### Source records

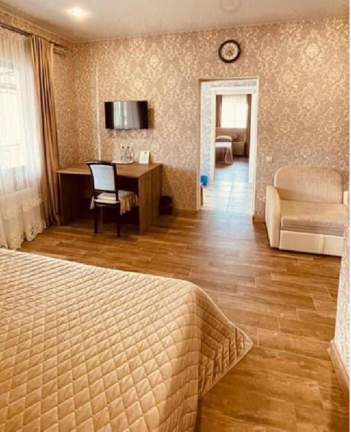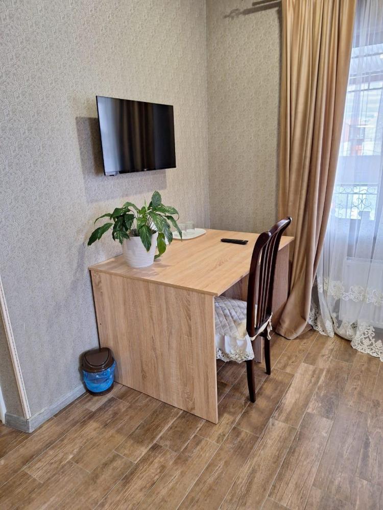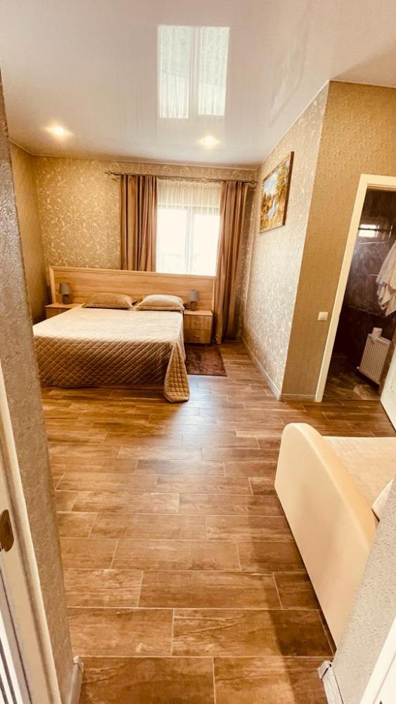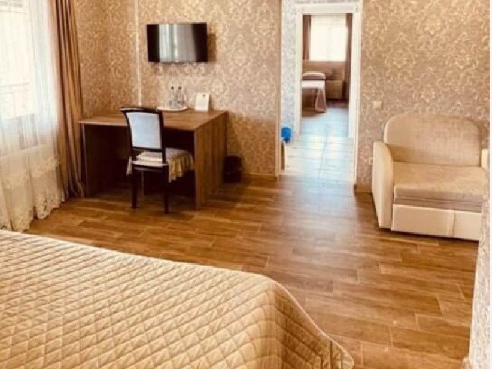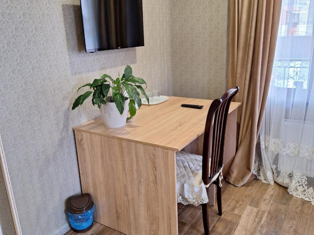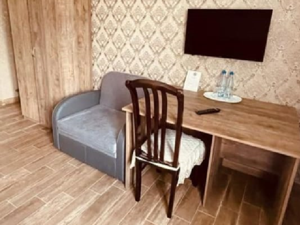 Комната стандарт с 1 двуспальной кроватью и диваном, рассчитанная на 3 гостей. В комнате имеется все необходимое для комфортного проживания: рабочее место, шкаф, телевизор, санузел с душем.
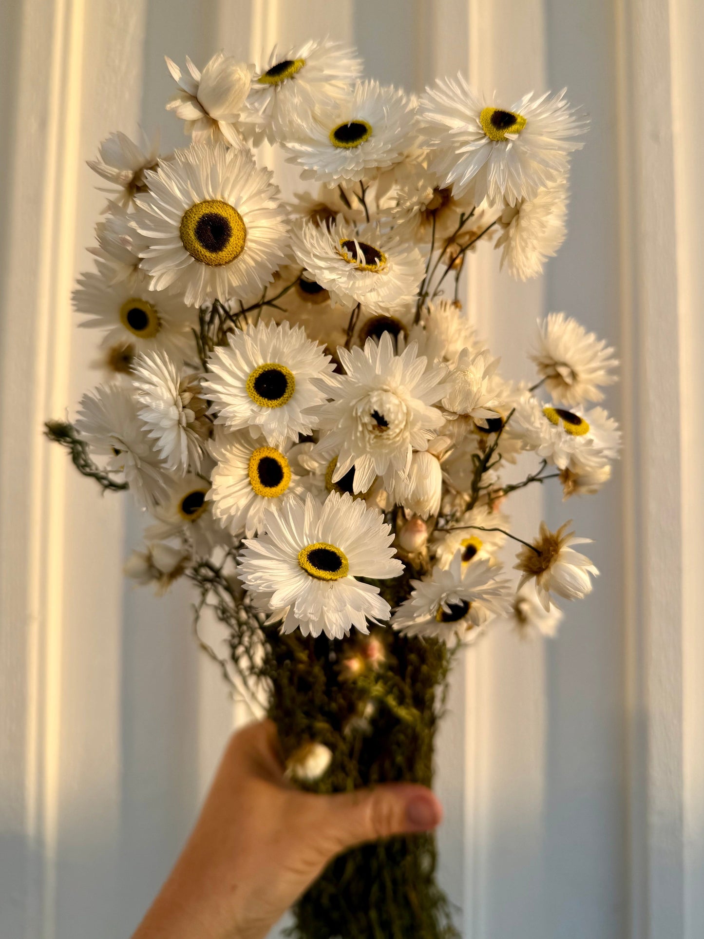 Den torkade buketten i pappersprästkrage fångar känslan av högsommar på ängen – vita, tydliga blommor i hållbar form. En långlivad inredningsdetalj som fungerar i allt från stilla vardagsinredning till mer genomarbetade festdekorationer, med minimal skötsel och maximal sommarkänsla.
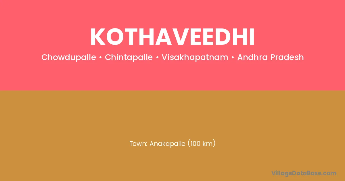 Anakapalle (100 km) is the nearest town to Kothaveedhi village for major economic activities and is located approximately 100 km away.
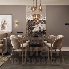 Площадь позволяет организовать островную кухню, большую столовую группу на 6-8 человек и полноценную лаунж-зону с угловым диваном.
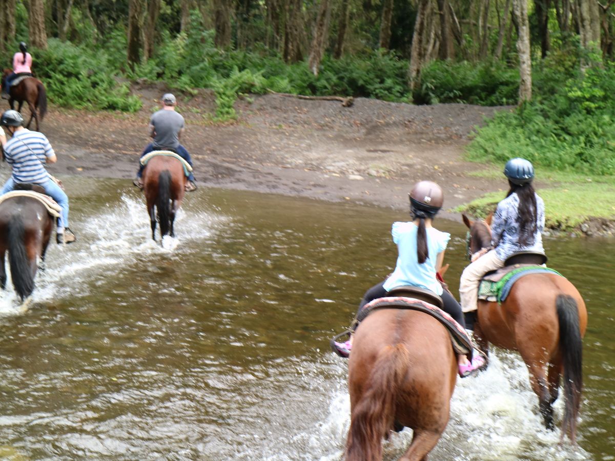 ワイピオの乗馬は2回目でした。今回、渓谷へのTryでしたが、川にガンガン入って楽しかったです。前回は、ガイドさんと主人と私の3人でプライベートツアーみたいで、ガイドさんもゆっくり英語&日本語でしゃべってくれたので、よく理解できました。今回は、10人ほどで日本人は1組(2人)でしたので、まったく、聞き取れなかったのにも関わらず、楽しかったです。景色は、2014年に行った山を登るツアーのほうが、感動できでしたね。でも、気軽に馬に乗れる、濡れることを気にしないでガンガン深くても行く、日本では考えられない体験を気軽にリーズナブルな価格で楽しませてくれます。非常におすすめです
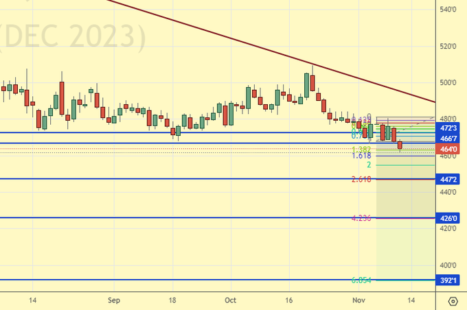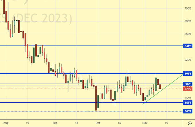 Growth scenario: we are considering November futures, expiration date January 12. Soybeans retain the potential to continue their upward movement. But given the improvement in forecasts for it, we are not buying.
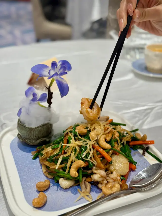 主菜方面,我哋點咗香芒脆蝦球同香馥小炒皇。香芒脆蝦球係我今晚最鍾意嘅一道菜!啲蝦球外面係炸到金黃嘅脆皮,咬落好香脆,入面嘅蝦肉好彈牙,搭配埋芒果醬同黑芝麻,甜甜鹹鹹嘅味道好夾,食完一啲都唔膩。香馥小炒皇就係一碟炒雜菜,入面有蝦仁、帶子、腰果同好多新鮮蔬菜,炒得啱啱好,菜保持到爽脆嘅口感,調味好清淡但好香,腰果仲增加咗啲口感,成碟菜食落好健康又滿足。
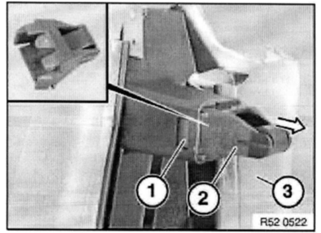If necessary, unlock catches (1) on left/right and detach clip (2) from side section (3).
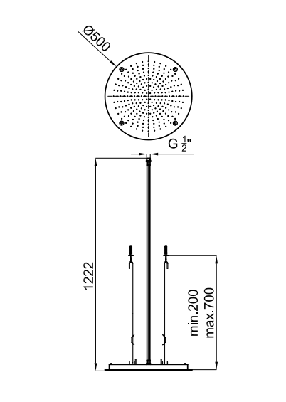 Верхний душ, встраиваемый в потолок 50 см. Пропускная способность при давлении бара 15 л/мин.
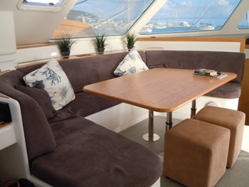 Guests can choose to sample local delicacies or savor the chef’s gourmet delights indoors at the formal dining table or al fresco on the covered aft deck.
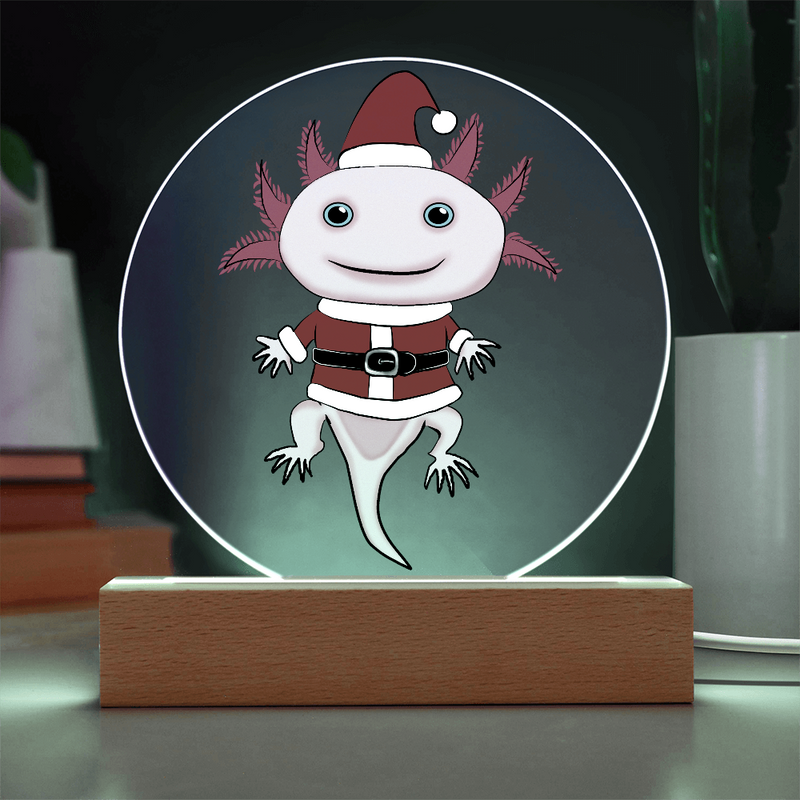 Santa Axolotl LED Acrylic Plaque – Cute Kawaii Holiday Light-Up Sign

######

**Instructions for the task**
With the pictures left out, write out all of the data exactly.

**Finished task**
 Комната стандарт с 1 двуспальной кроватью и диваном, рассчитанная на 3 гостей. В комнате имеется все необходимое для комфортного проживания: рабочее место, шкаф, телевизор, санузел с душем.
 Den torkade buketten i pappersprästkrage fångar känslan av högsommar på ängen – vita, tydliga blommor i hållbar form. En långlivad inredningsdetalj som fungerar i allt från stilla vardagsinredning till mer genomarbetade festdekorationer, med minimal skötsel och maximal sommarkänsla.
 Anakapalle (100 km) is the nearest town to Kothaveedhi village for major economic activities and is located approximately 100 km away.
 Площадь позволяет организовать островную кухню, большую столовую группу на 6-8 человек и полноценную лаунж-зону с угловым диваном.
 ワイピオの乗馬は2回目でした。今回、渓谷へのTryでしたが、川にガンガン入って楽しかったです。前回は、ガイドさんと主人と私の3人でプライベートツアーみたいで、ガイドさんもゆっくり英語&日本語でしゃべってくれたので、よく理解できました。今回は、10人ほどで日本人は1組(2人)でしたので、まったく、聞き取れなかったのにも関わらず、楽しかったです。景色は、2014年に行った山を登るツアーのほうが、感動できでしたね。でも、気軽に馬に乗れる、濡れることを気にしないでガンガン深くても行く、日本では考えられない体験を気軽にリーズナブルな価格で楽しませてくれます。非常におすすめです
 Growth scenario: we are considering November futures, expiration date January 12. Soybeans retain the potential to continue their upward movement. But given the improvement in forecasts for it, we are not buying.
 主菜方面,我哋點咗香芒脆蝦球同香馥小炒皇。香芒脆蝦球係我今晚最鍾意嘅一道菜!啲蝦球外面係炸到金黃嘅脆皮,咬落好香脆,入面嘅蝦肉好彈牙,搭配埋芒果醬同黑芝麻,甜甜鹹鹹嘅味道好夾,食完一啲都唔膩。香馥小炒皇就係一碟炒雜菜,入面有蝦仁、帶子、腰果同好多新鮮蔬菜,炒得啱啱好,菜保持到爽脆嘅口感,調味好清淡但好香,腰果仲增加咗啲口感,成碟菜食落好健康又滿足。
If necessary, unlock catches (1) on left/right and detach clip (2) from side section (3).
 Верхний душ, встраиваемый в потолок 50 см. Пропускная способность при давлении бара 15 л/мин.
 Guests can choose to sample local delicacies or savor the chef’s gourmet delights indoors at the formal dining table or al fresco on the covered aft deck.
 Santa Axolotl LED Acrylic Plaque – Cute Kawaii Holiday Light-Up Sign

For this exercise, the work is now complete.